Discussion in 'Aquarium Stocking Questions' started by Jewellz, Apr 17, 2012.

  1. JewellzNew MemberMember

    Hi all, I'm new here. :;hi1

    I'm fishless cycling my tank right now, waiting for those nitrites to go down. In the meantime I'm trying to decide what to put in my tank. It's a 75 gallon, lightly planted with Java ferns, Anubias and Wisteria. My pH is 8, maybe slightly lower and I just added a chunk of driftwood. I don't have a hardness test except kh and that was 7 drops.

    So far the only for sure fish going in the tank is a large common pleco, he's 6 years old and about 13 inches long, I'm rescuing him from my Mom's 29 gallon.

    Does anyone have any suggestions for what would work well in my tank with the pH and all? From what I've read having a higher pH isn't so bad as long as you slowly acclimate and your pH is stable. I've considered cories, platies and danios or tetras of some sort. Ideally I'd like a few bigger colorful fish but no bigger than 4-5 inches long, plus a school of 8+ smaller fish for the middle to top. And I really like cories for the bottom but I'm not sure if my water would be okay or if competing with the pleco for food would be an issue. I also really like Angelfish but I think with my pH it could be a stretch...And platies aren't really turning me on too much because I don't want to have to deal with fry but I don't really want to watch them get eaten either haha.

  2. RogueAgent94Fishlore VIPMember

    Welcome to FishLore! :;toast

    Great to hear your tank is well on its way to being cycled!
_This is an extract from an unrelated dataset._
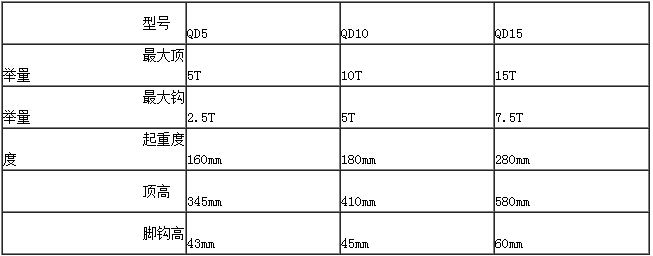 用途:適用于鐵路道軌的輔設、橋梁安裝、及車輛、設備、重物起重之用,具有結構簡單、使用方便、安全可靠、多機并用等優點,是一種應用較廣的起重工具。

Good job :). To tell you the truth pH doesn't really matter anymore with domestically bred fish anymore. You gotta worry about it if you are buying wild caught fish. You can usually tell the difference between the two because pet shops will have a sign on them saying "Wild Caught ________" and the price will be higher. The reason it doesn't matter much is because domestically bred fish are now bred and raised all over the world in various pH levels. Also the fish at your LFS are most likely swimming in the same water that you have at home. That being said you always want to acclimate your fish slowly just to avoid any possible shock if the fish are not used to the pH in your tank. I always use drip acclimation which takes a while but there are also various other methods that work just as well.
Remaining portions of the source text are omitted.